It looks great, but I'm afraid the Robinson projection doesn't work like that: the way you've drawn it, the southern continent would narrow to a single point at the south pole.
Yeah, I think you will want to stretch out the alt-Antarctica to go all around the South Pole. Otherwise neat map.
I was thinking on making maps for proposed surfaces of high-ESI exoplanets such as Kepler-438b, when I get the right maps to do it.
Reasonably pleased with the final result for that little exoplanet. Have corrected the suspiciously pointy southern continent and got around to doing some rough calculations for the orbital mechanics and so on for it. I will be doing a worldbuild/scenario thread on the ASB section somewhen soon which will be the "official" version but as previously mentioned I would be delighted and honoured if anyone wants to use it for anything! I have made the primary of the star system a M3.5 Red Dwarf now because of mixing some half-completed projects together.
Radius - 3,374 km
Mass - 0.151 Earth
Density - 5.605
Gravity - 0.54g
Semi-Major Axis 0.405 AU
Eccentricity - 0.13
Ethel 3
Radius - 3,374 km
Mass - 0.151 Earth
Density - 5.605
Gravity - 0.54g
Semi-Major Axis 0.405 AU
Eccentricity - 0.13
So, question for smarter people than me - could a binary planet system (where two planets orbit each other) form between objects of Neptune/Uranus size?

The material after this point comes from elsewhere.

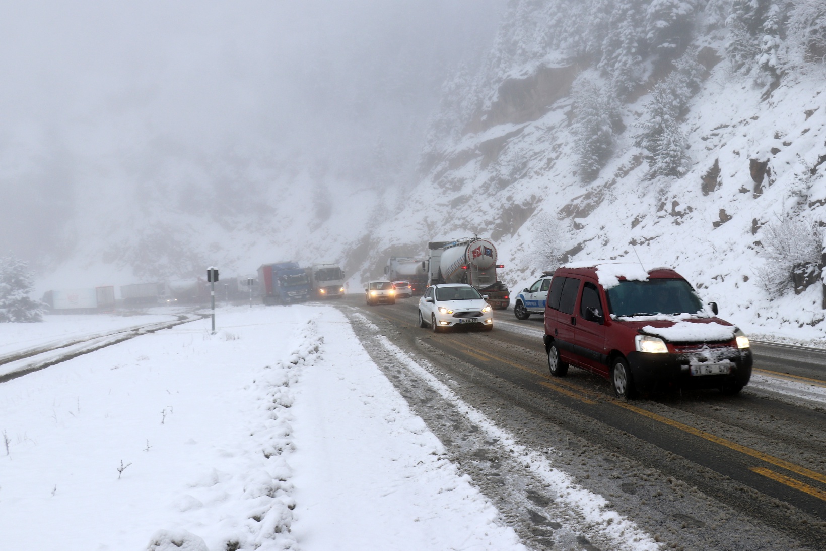 Öğlen saatlerinde başlayan ve kısa sürede 10 santimetreye ulaşan kar kalınlığı nedeniyle Gümüşhane’nin Torul ilçesi sınırlarındaki Zigana dağında ulaşımda aksamalar meydana geldi.

Binary gas giants would much more difficult to form than binary terrestrial planets. This is due to the stability needed in the accretion disk in the pre-planet stage. Also it is a tendency for gas giants to rapidly accumulate mass so I think one proptplanetary body eats up the other in the planet-building process. However, it could be possible, due to perturbed orbits.
I was imagining it forming due to the collision or near collision of two already formed ice giants.

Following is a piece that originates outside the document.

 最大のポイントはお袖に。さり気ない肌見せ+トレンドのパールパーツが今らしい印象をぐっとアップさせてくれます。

Could anyone knowledgeable about biology tell me whether iron carbonate is hypothetically possible and practical as an alternative to calcium carbonate when it comes to xeno-animal shells? If iron carbonate isn't possible then what is the strongest plausible material.
All I gotta say is that a planet where an animal shell (generally made of refuse OTL) is made of IRON chloride, that planet is gonna have to have an absolutely massive amount of iron for it to work.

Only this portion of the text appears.